KENTUCKY: Clerk Kim Davis Testifies That She "Prayed And Fasted" About Denying Same-Sex Marriage Licenses

Infamous Kentucky county clerk and alleged dog-napping conspirator Kim Davis took the stand today in the ACLU's lawsuit against her for refusing to issue same-sex marriage licenses. Via the local CBS affiliate:
Davis told the court she's an apostolic Christian and her religion says that marriage can only be between a man and a woman. She says her right to freedom of religion affords her the ability to deny same-sex licenses because she believes the wording on the certificate means she's authorizing the license. Davis said that is something she can't do. "If I authorize it, I'm saying I agree with it. I can't do that," she said. An attorney representing the couples who are suing Davis asked her how far a clerk could take their religious beliefs when it comes to denying licenses. He asked, for example, whether a clerk could refuse a license if they did not believe interracial marriage was biblical.
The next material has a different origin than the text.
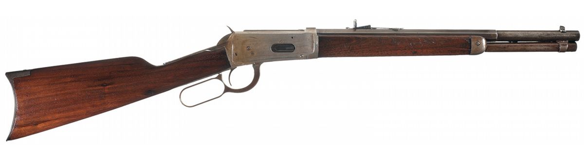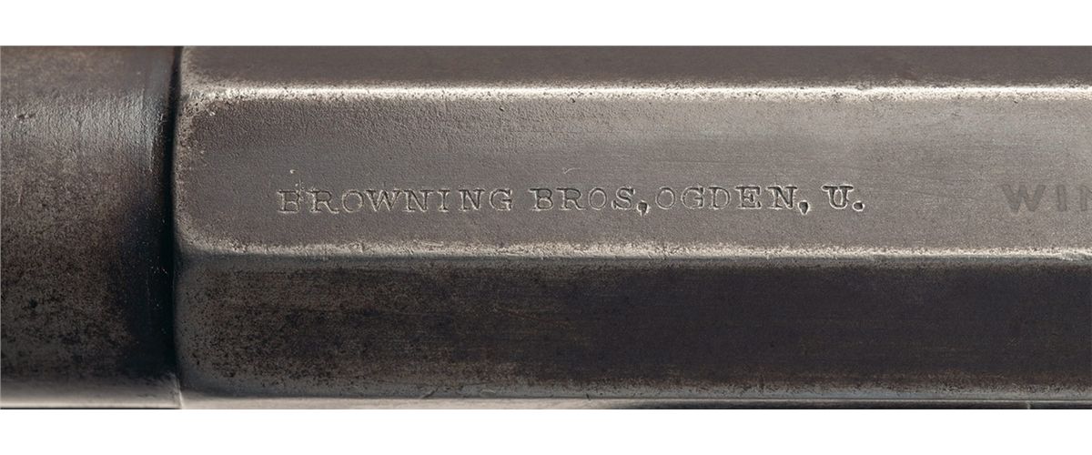 Manufactured in 1897. This rifle has had the magazine tube and barrel shortened to 17 inches, (5 1/4 inches round, the remainder octagon). The forward top flat is marked "BROWNING BROS, OGDEN, U." followed by "MANUFACTURED BY THE/WINCHESTER REPEATING ARMS CO. NEW HAVEN, CONN U.S.A." and the upper left rear flat is marked with the two line nickel steel/smokeless powder marking. The top flat at the breech is marked "30 W.C.F.", standard early style upper tang marking and the serial number is on the bottom of the receiver. Blade front and adjustable Marbles semi-buckhorn rear sights and mounted with a smooth walnut forearm and straight grip stock.

He also asked whether a clerk could deny a license to someone who wanted to get remarried after a divorce. Davis said she couldn't speak for anyone else and didn't answer any hypothetical questions. The plaintiff's attorney asked Davis if she would change her position if the judge orders her to issue those licenses. She said she'd deal with that when the time comes.
More from Kentucky.com:
"It was something I had prayed and fasted over. ... It wasn't a spur of the moment decision," Davis told U.S. District Judge David Bunning, her voice breaking. To authorize licenses, she said, means "I'm saying I agree with it, and I can't." Her choice to also deny licenses to straight couples was because "I didn't want to discriminate against anyone." Two of those straight couples and two gay couples from Rowan County sued Davis shortly after her office stopped issuing marriage licenses to anyone in the wake of the June 26 decision by the Supreme Court, which overturned Kentucky's ban on same-sex marriage and declared the practice legal across the country.  After the hearing, Davis' lawyer, Roger Gannam of Liberty Counsel, a non-profit firm that specializes in religious-freedom cases, said the plaintiffs could have obtained licenses in Ashland, the site of the previous hearing, or in Covington. "This case is not about these plaintiffs' desire to get married," Gannam said. "This case is about the plaintiffs' desire to force Kim Davis to approve and authorize their marriages in violation of her Constitutionally protected religious beliefs."
The judge said today that he will issue his ruling during the week of August 11th. Kentucky's county clerks are elected and can only be removed by the state legislature, which does not reconvene until January. Renegade clerks face jail time for contempt of court should they refuse an order to issue licenses.